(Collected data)
==================================================

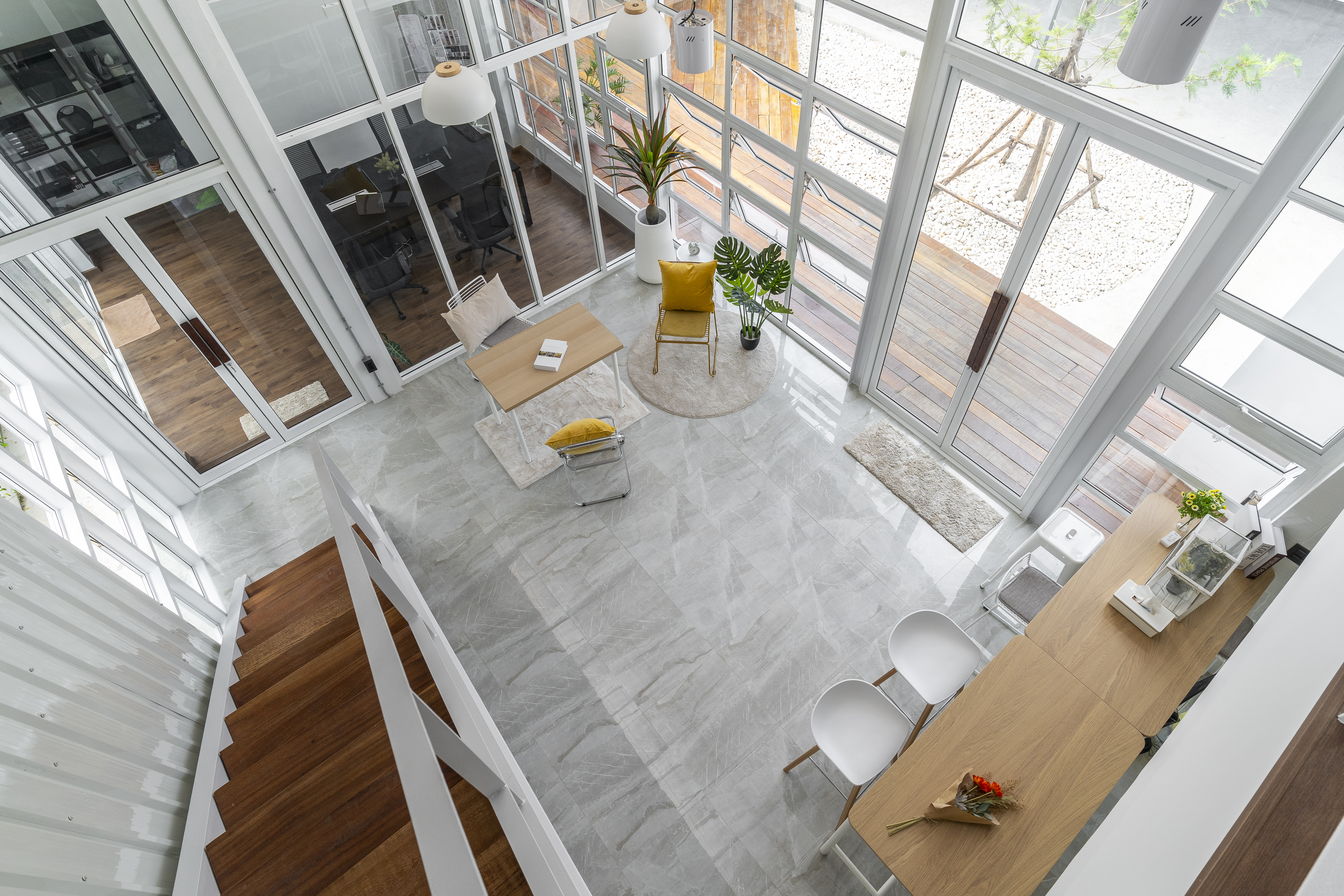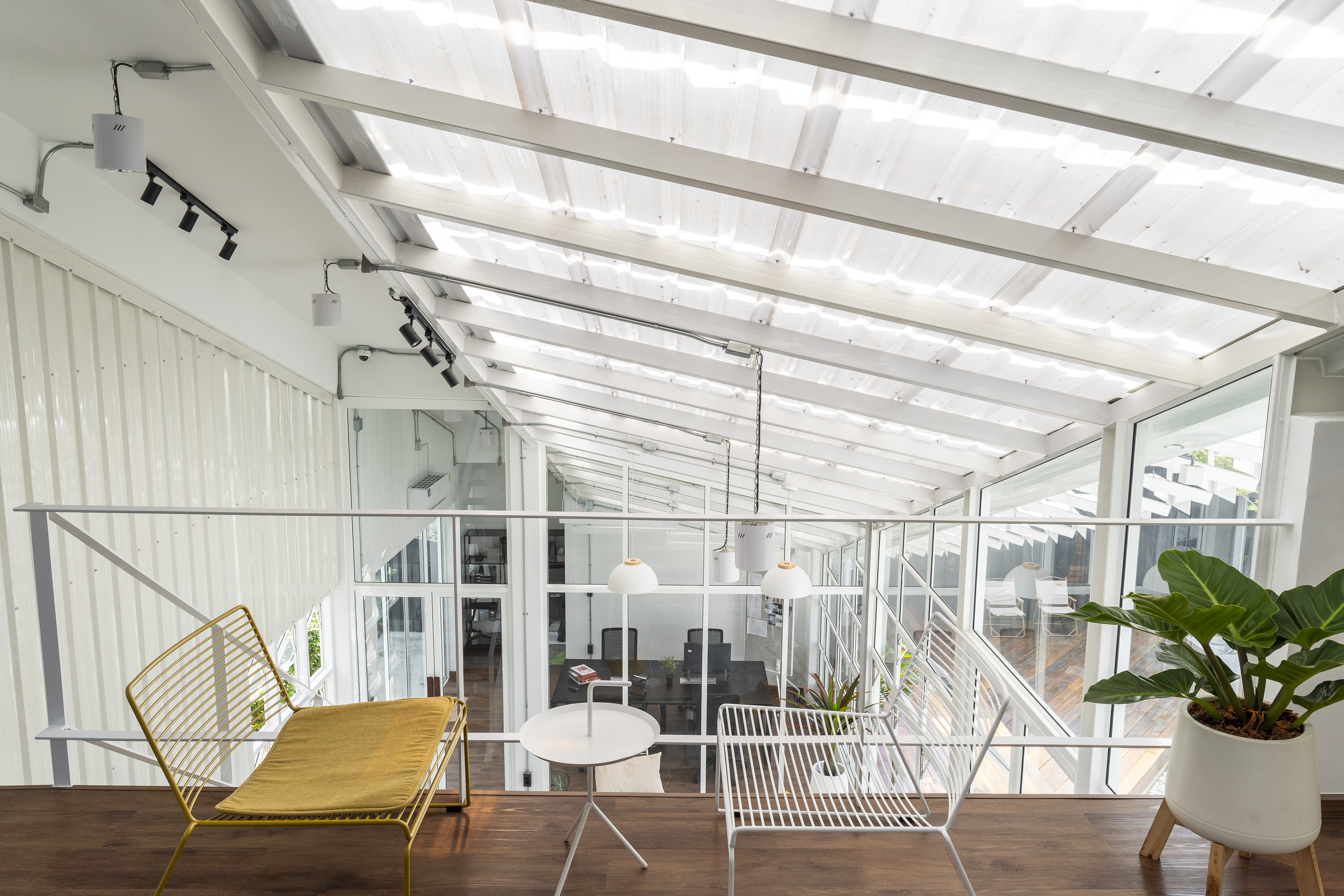 โดยทั่วไปแล้ว เรามักจะได้ยินคำว่า Form follows Function ซะมากกว่า แต่สำหรับโครงการนี้ สถาปนิกตั้งใจให้ Form เป็นตัวกำหนดการวาง Function ภายในอาคารออฟฟิศ โดยออกแบบให้สเปซโถงกลางเป็น Living Area สำหรับใช้งานอเนกประสงค์ ที่มี Double volume space พร้อมช่องเปิดทั้งแนว เพื่อให้ลมสามารถพัดผ่านเข้าสู่ภายในตัวอาคารได้อย่างสะดวก ในส่วนของสเปซที่ถูกกดต่ำกว่าบริเวณอื่น สถาปนิกออกแบบให้เป็นห้องทำงานที่มีขนาดพอดีและค่อนข้างเป็นส่วนตัว นอกจากนี้สถาปนิกยังได้เลือกใช้เฟอร์นิเจอร์ลอยตัว ที่สามารถปรับเปลี่ยน ยกย้ายได้สะดวก เพื่อให้ตอบโจทย์กับความต้องการของเจ้าของที่อยากให้สเปซที่สามารถเปลี่ยนมุมถ่ายรูปได้เรื่อยๆ
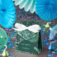 This modern design features a dark emerald green arch shape on a background of green watercolor agate trimmed with faux glitter. Personalise it with the names of the bride and groom and the wedding date in white.
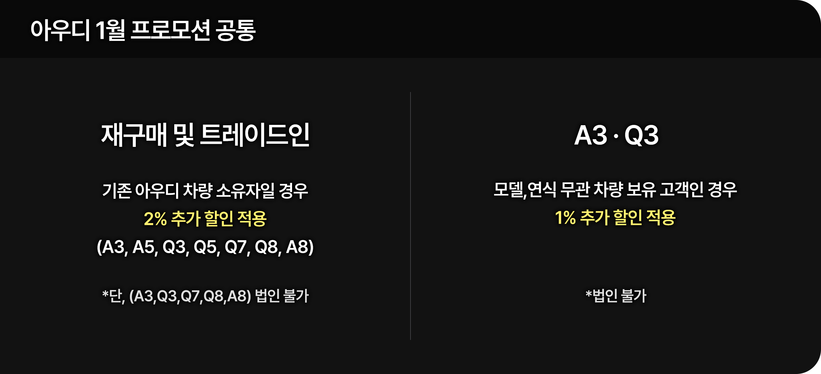 기업 고객을 위한 특화 혜택은 아우디의 전문적인 비즈니스 파트너십을 보여줍니다. 법인 명의 진행 시 Q7과 Q8 모델은 1%의 추가 할인과 더불어 취등록세 지원 혜택이 병행됩니다. 또한 기존 아우디 오너를 위한 재구매 및 트레이드인 2% 추가 할인은 브랜드 로열티를 강화하는 핵심적인 26년1월아우디프로모션 요소입니다.
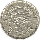 Letras do anverso: SIERRA LEONE 19 64 5 CENTS
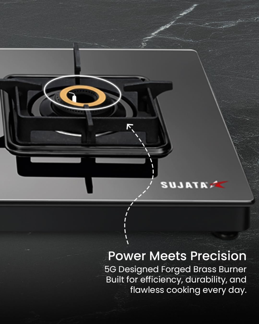 The unit incorporates forged brass burners, designed with “5G” geometry tailored for Indian cooking styles — facilitating faster heat-up, strong flame and efficient cooking of larger pots.
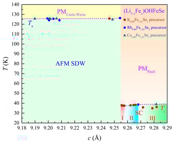 - Yu, G.; Zhang, G.Y.; Ryu, G.H.; Lin, C.T. Structure and superconductivity of (Li1−xFex)OHFeSe single crystals grown using AxFe2−ySe2 (A = K, Rb, and Cs) as precursors. J. Phys. Condens. Matter 2016, 28, 015701. [Google Scholar] [CrossRef] [PubMed]
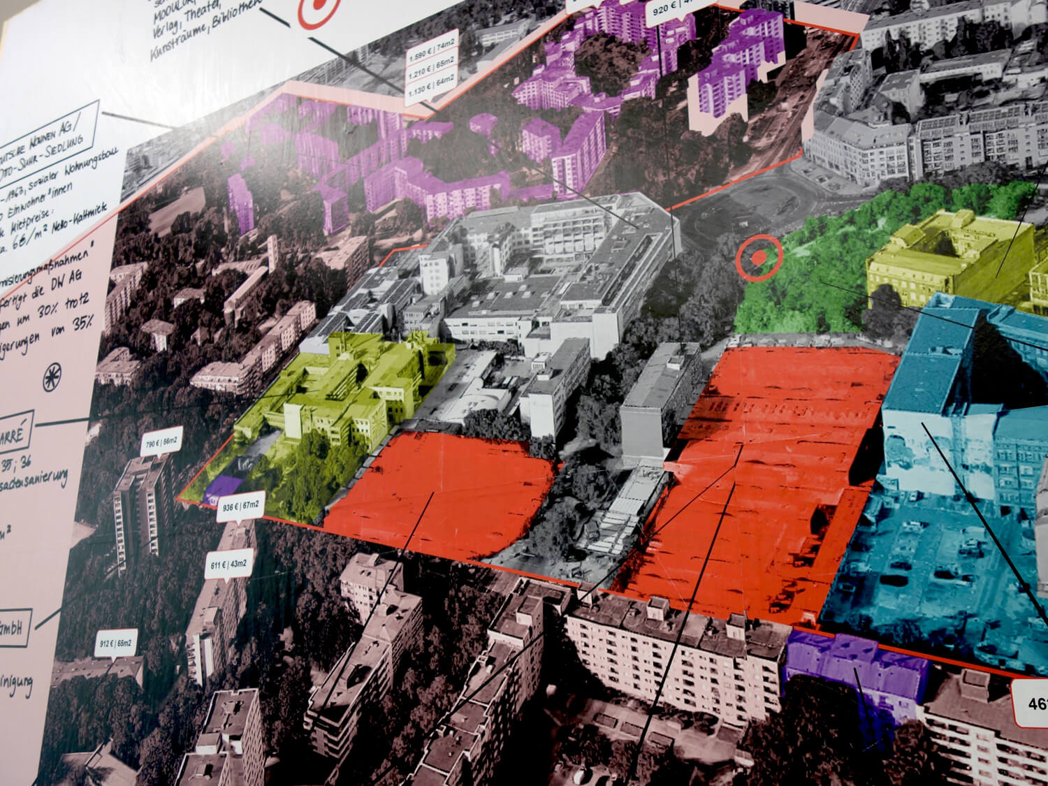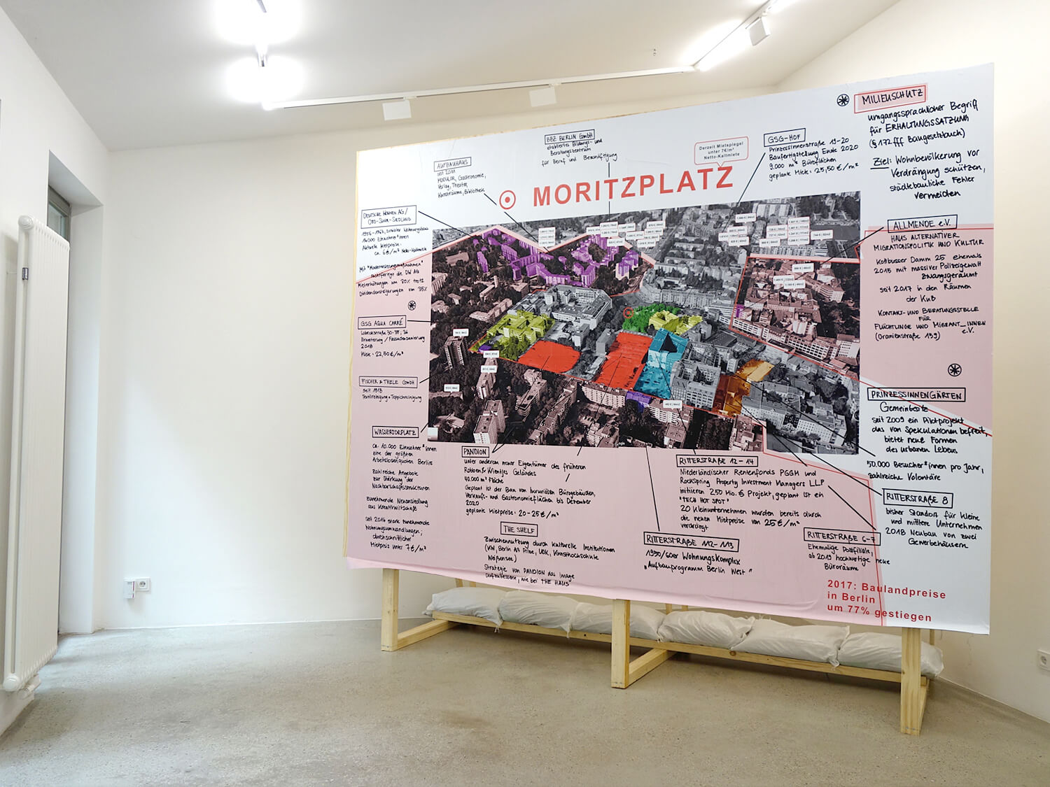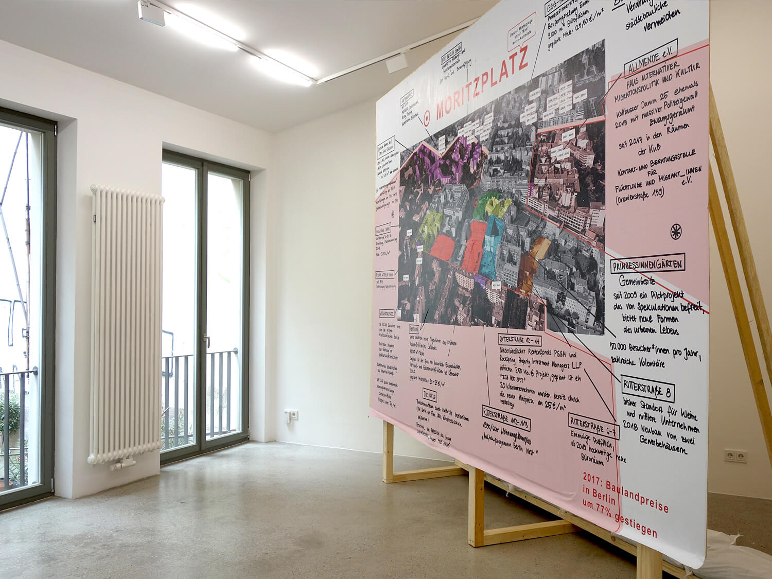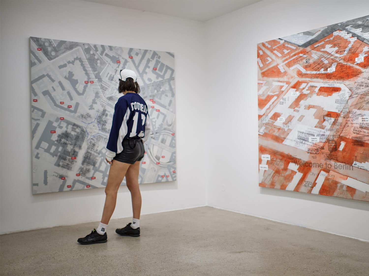 For the Berlin Art Prize exhibition at SMAC, this body of work brings a long-term engagement with contested public space into the gallery through two large-scale paintings and a billboard installation that fills the room, nearly touching the ceiling and walls. Rooted in the layered histories of Moritzplatz, a site shaped by war, division, community, displacement, and rapid gentrification, the works emerge from sustained walking, archival mapping, and extended observation. Together, they trace urban transformation from pre-war Berlin footprints to the pressures of today’s housing market.
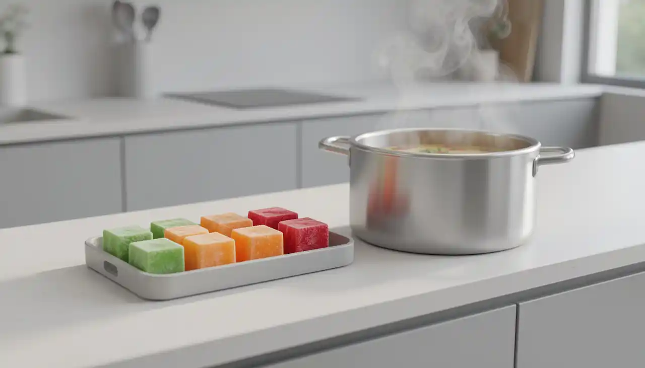 La forma más eficaz de preparar sopas rápidas es disponer de ingredientes 'base' ya listos. Congelar caldos de huesos, carne picada de cordero (en porciones individuales) y purés de verduras en pequeños moldes de silicona reduce el tiempo de preparación de 30 a 5 minutos. Por ejemplo, sacar del congelador cubitos de calabaza previamente cocida al vapor y mezclarlos con un caldo de huesos caliente significa tener una comida lista al instante. Los datos académicos confirman que el método de congelación rápida minimiza la pérdida de vitaminas en las verduras. El congelador es el mayor aliado de una cocina saludable.
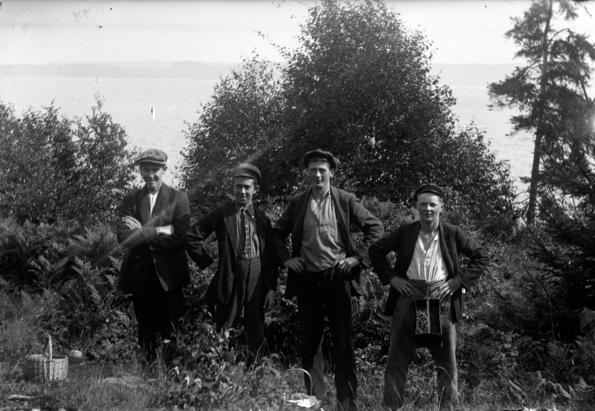 Fyra äldre pojkar som plockar bär. Erik Svensson (3).
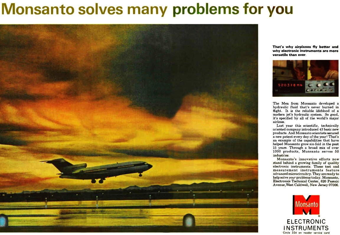 The Men from Monsanto developed a hydraulic fluid that's never burned in flight.
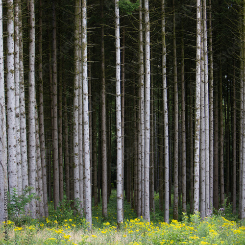 © ahavelaar, Fototapeta premium grey trunks of spruce trees and yellow summer flowers
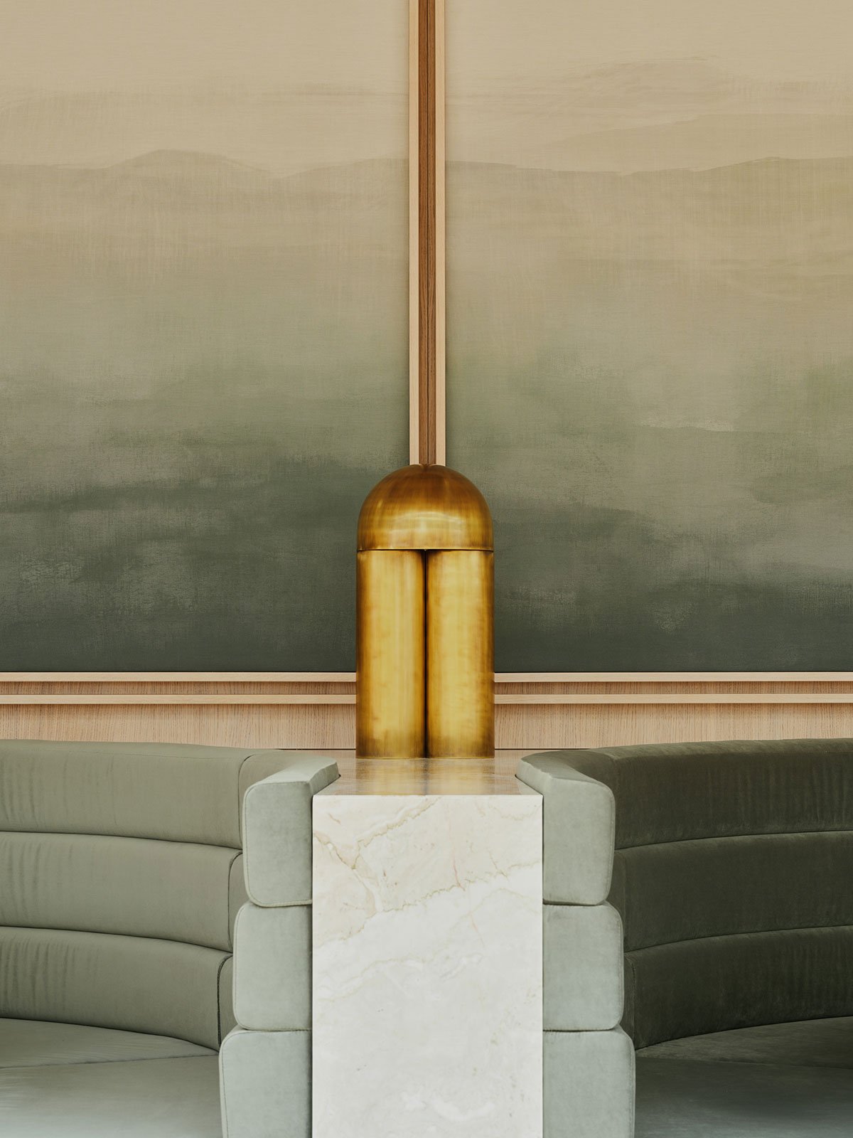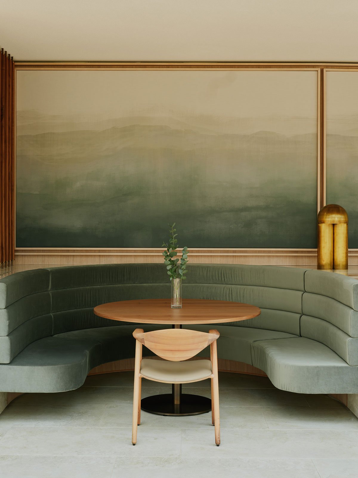 HENN used artisanal touches and hand detailing to create a sense of haptic-luxury. The walls are clad in gray travertine; in the entryway, Bocci Series 73 pendant lights, made of irregularly dimpled glass, create subtle asymmetry and plays of shadow; the entryway and lounge carpets were hand-knotted to HENN’s specifications by Reuber & Henning, a Berlin-based design firm; warm wood panels and hand-troweled plaster work add warmth and tactility; the curving, 16m Walter Knoll rug was hand-knotted from silk, wool and nettle; Paul Matter Monolith Table lamps add a subtle gleam of brass; and the acoustic wall panels are wrapped in a custom-printed textile, made from original watercolor paintings by HENN.
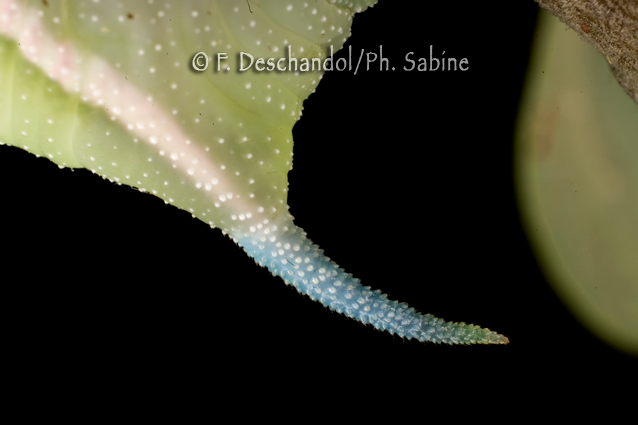 : Sphinx demi-paon (Smerinthus ocellatus ocellatus), chenille 5ème stade, détail du scolus, Treillières (44), France.
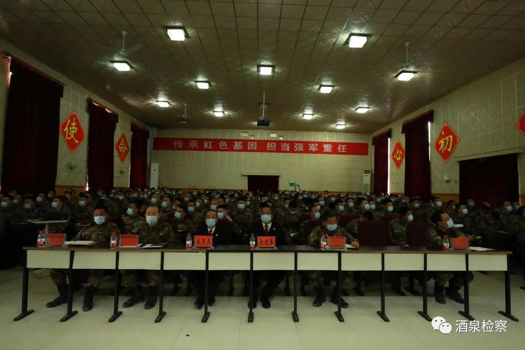 近日,酒泉市检察院干警到中国人民解放军某部队开展送法进军营活动,活动主要宣讲了《民法典》,300余名驻地官兵参加了活动。
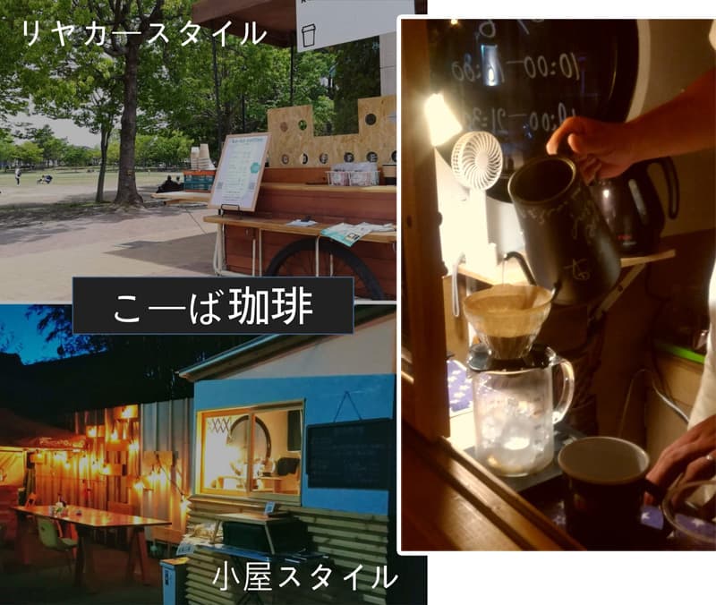 自身の営むコインランドリーと空中ヨガスタジオの駐車場内に小さな小屋を構えて営業しています。

==================================================

_DIRECTIONS FOR THIS TASK_. Your answer must be exactly the lines from the one with "近日,酒泉市检察院干警到中国" through the last line of the entries, both included, with no pictures; please add nothing else.

_SOLUTION TO THIS EXERCISE_.
 近日,酒泉市检察院干警到中国人民解放军某部队开展送法进军营活动,活动主要宣讲了《民法典》,300余名驻地官兵参加了活动。
 自身の営むコインランドリーと空中ヨガスタジオの駐車場内に小さな小屋を構えて営業しています。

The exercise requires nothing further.